- Opening Delimiter -
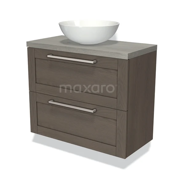 Modulo Plato Slim Badmöbel mit Aufsatzwaschbecken | 80 cm Dunkelbraune Eiche Rahmen front Graue Eiche blatt 2 übereinanderliegende Schubladen
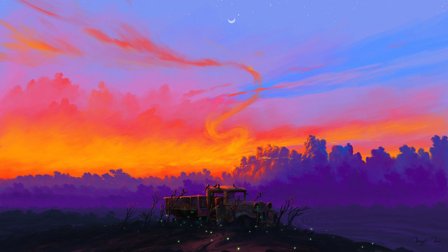 #2d #car #drawings #eve #nature #sky #sun #art #digitalpainting #drawing #illustration #painting #study
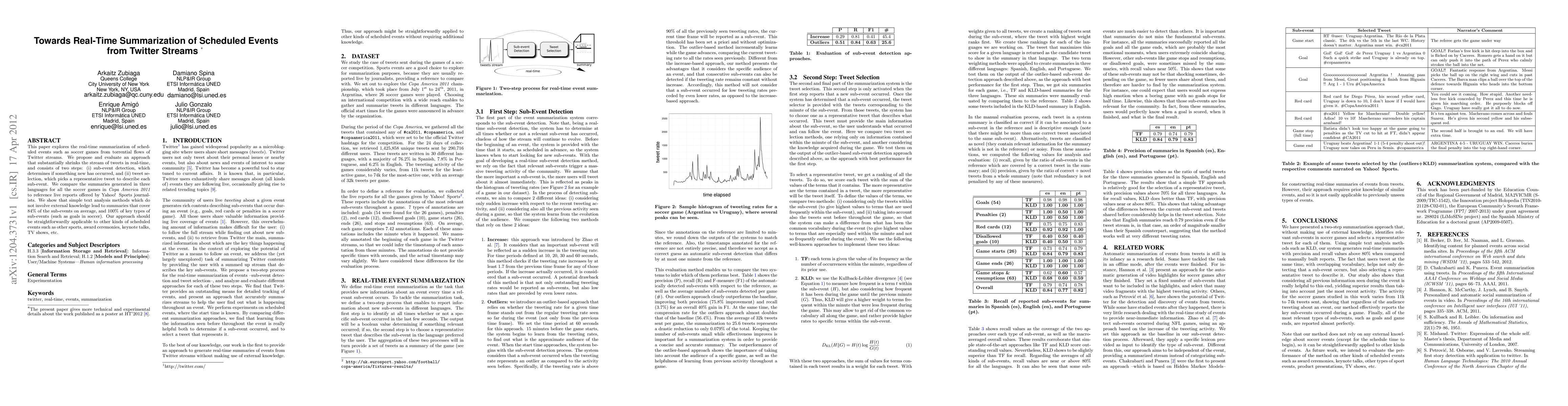 This paper proposes a real-time summarization method for scheduled events from Twitter streams, using sub-event detection and tweet selection. The approach achieves 84% coverage of sub-events and 100% for key types like soccer goals, demonstrating its applicability to various scheduled events.
- Closing Delimiter -
* Task instructions: Could you retype each line of the material above exactly, skipping the pictures?

* Answer for the task:
 Modulo Plato Slim Badmöbel mit Aufsatzwaschbecken | 80 cm Dunkelbraune Eiche Rahmen front Graue Eiche blatt 2 übereinanderliegende Schubladen
 #2d #car #drawings #eve #nature #sky #sun #art #digitalpainting #drawing #illustration #painting #study
 This paper proposes a real-time summarization method for scheduled events from Twitter streams, using sub-event detection and tweet selection. The approach achieves 84% coverage of sub-events and 100% for key types like soccer goals, demonstrating its applicability to various scheduled events.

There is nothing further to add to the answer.